On Jan. 7 the San Francisco Commission on the Environment authorized the department to enter into three as‑needed professional services contracts — with AECOM, Arup and Frontier Energy — and approved a combined budget of $9,000,000 covering professional services and participant incentives over a five‑year term.
Lowell Chiu, Energy Program Manager, told commissioners the procurement resulted from a July request for proposals that closed in September and produced 10 responses; an evaluation panel recommended AECOM, Arup and Frontier Energy. Chiu said each contract is a professional services P600 agreement with a five‑year term and an option to extend.

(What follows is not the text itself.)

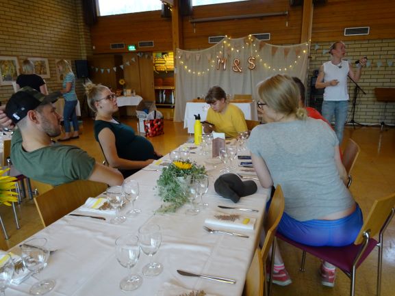 Zoomailin kauempaa ”johtoryhmän” viimeitä palaveria ja ohjeiden antoa. Kun lähemmäksi tulin, irtos pientä hymyäkin. Onhan siinä varmaankin monta liikkuvaa osaa, joita pitää huomioida seuraavana päivänä. Mut näähän on jo konkareita, olleet jo monissa häissä, kuka enempi kuka vähempi, mukana järkkäämässä kaasoina ja bestmanninä.

Chiu described the funding breakdown: $3,000,000 is allocated to professional services (each contract capped at $1,000,000); $6,000,000 is an incentives pool to be passed through to program participants in BayREN Business, BayREN refrigeration and a San Francisco Climate Equity Hub heat‑pump hot water program. He explained that the contractor selected during negotiations will administer incentive payments and that the department will approve incentive‑eligible projects before payment.
Commissioners asked about oversight and timelines. Vice President Sullivan asked who ultimately approves whether a participant receives payment; Chiu explained the department approves project lists, performs field inspections and quality assurance, and directs the implementer to invoice and distribute funds. Chiu said the department and the firm reconcile payment journals annually.
Vice President Sullivan moved to approve the resolution (filed 2025‑02‑COE); the motion was seconded by Commissioner Wen. The roll call recorded Ayes from President Wong, Vice President Sullivan, Commissioner Ahn, Commissioner Hunter and Commissioner Yuan; Commissioners Bermejo and Tompkins were excused. The motion passed.
Chiu said the department had no speakers from the public on the item. The commission heard several follow‑up budget and process questions from commissioners during the broader budget presentation that followed, including whether incentive disbursement would be capped annually (Chiu said incentives are not capped annually and payment timelines are established in the program manual).